Back to that nasty question. “As you say, captain. We stabilize the situation for starters. Vindicate Tabini-aiji. Vindicate him, even if he’s dead. It’ll make a difference in the shade and shape of any government that follows him. Beyond that—I can’t guarantee the outcome.”
“The boy?” Sabin asked. “The heir? Or the dowager?”
“Cajeiri might succeed. He’s Ragi, like his father. With the dowager as regent. Although the hasdrawad, their house of lords, has refused her claim before—frankly they were afraid of her in those days, because she was too closely tied to the eastern provinces. That perception of her had somewhat changed in recent years… but I don’t know where her province has taken its stand in this current situation. So I don’t know which the hasdrawad would choose—a regency, with Ilisidi behind the scenes, or a strong government, with Ilisidi in power, with Cajeiri still as heir-apparent.”
“Still, all our eggs in one basket, taking them down there. I know, I know, everything’s what she decides. But if he were up here, with Lord Geigi… ”
“Geigi’s Maschi, ruling an Edi population.” And at Sabin’s unenlightened stare: “He’s not Ragi. We absolutely can’t afford the perception of the boy under any influence but his own family’s. We can’t have him viewed as a puppet for Lord Geigi, or, God forbid, for human rule.”
“God,” Sabin muttered. “All right. All right. We go with it.”
“Best we can do is work fast,” he said. “If we get down in one piece, we’ll still have to reconstitute the maintenance facilities for the shuttles and locate all the personnel, who may be in hiding—or worse. At very worst, we’ll have the pilots and the shuttle we bring down. We’ll have one good window to get down, and—forgive me for expressing opinions in operational matters—we should use an approach over the sea to the west, where I trust there’s not going to be atevi presence armed with missiles.”
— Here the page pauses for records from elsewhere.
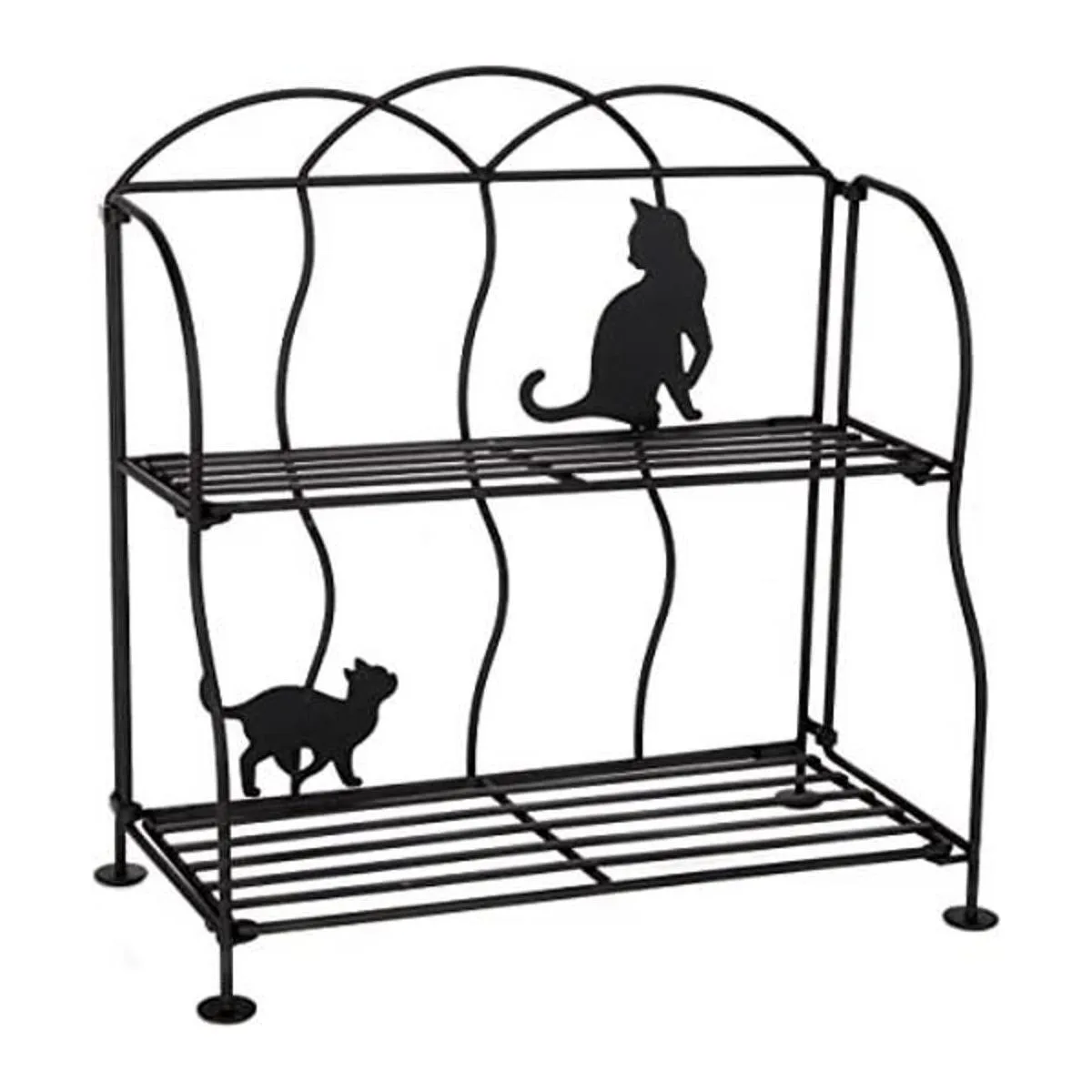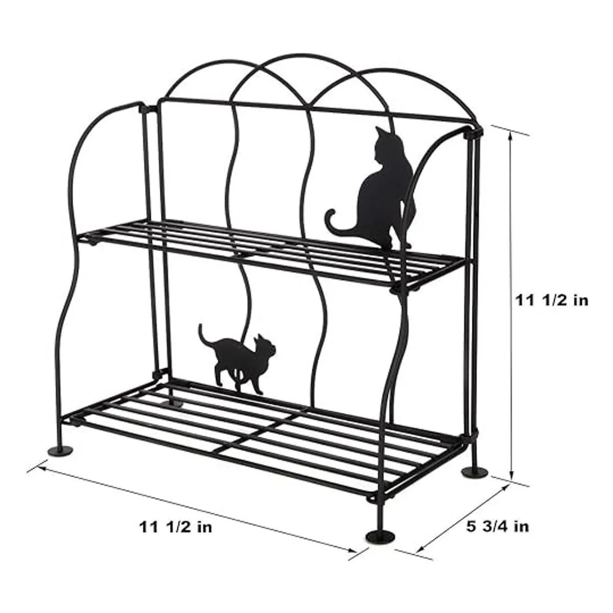 Diseño decorativo de gato de pie: este adorable organizador cuenta con 2 bonitas decoraciones de silueta de gato detrás de los estantes de alambre. El práctico estante de encimera es decorativo y funcional. Es una gran manera de añadir un poco de almacenamiento adicional a áreas pequeñas para que puedas organizar tu hogar en un instante. También es perfecto para cualquier persona que ama los gatos
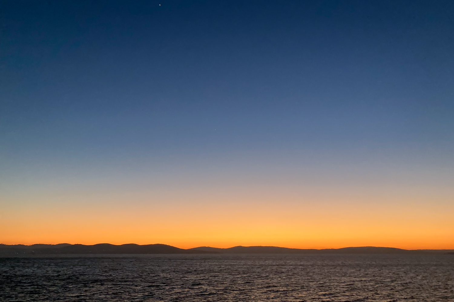 A pre-sunrise sky with an orange glow over the river
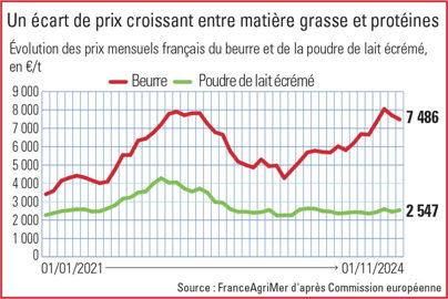 S’agissant du prix du lait, une baisse de 1,6 % s’est opérée sur les neuf premiers mois de l’année dans l’Hexagone (prix standard). Il augmente cependant de nouveau depuis juillet, ce qui devrait atténuer la diminution constatée sur douze mois en 2024. En moyenne de janvier à septembre, le prix du lait conventionnel à teneurs réelles s’établissait à 480 €/1 000 l en France.
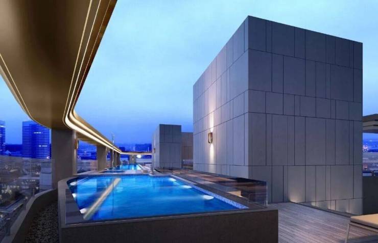 立面·新地标:参考游轮风格打造的外立面,玫瑰金点缀铝板装饰,采用气密性、水密性、隔音隔热方面有更高性能的系统,同时窗户之间采用内嵌进墙体的技术,让每个房间都达到最安静的效果。

“Agreed,” Ogun said. “And that is what we planned. The course is laid in. You say we’re assured of the runway at Jackson.”
Sabin tapped a stylus on the table and frowned. “As it happens,” Sabin said, “your Lord Geigi’s called up the shuttle crew all on his own, and the dowager’s already shifting baggage and personnel aboard, while we sit here. We know you’ve contacted Mospheira. We assume you have landing clearance.”
Could he claim he was surprised, either at the blinding rapidity of events or by the fact humans knew everything Geigi did? “Then I’m asking your support,” he said. “The station’s technical support for the operation. And for whatever follows. We may need to call on you, maybe even for a limited strike from orbit. It’s nothing I want to think of, but it could become necessary.”
“You’ll have it,” Sabin said. Ogun, for his part, nodded. Of Jase, there was no doubt at all.
“Well, then I’d better go catch my shuttle,” he said, with this time a glance at Jase, who’d not said a word—who gave him a direct and worried look now as he stood up to leave, as the senior captains rose. To them all, Bren gave a little bow, the atevi courtesy. But he paused for a second look at Jase, who edged around the table to intercept him—didn’t say a thing, just looked at him, and he looked at Jase, the one of the captains who’d go down to the planet with him in a heartbeat.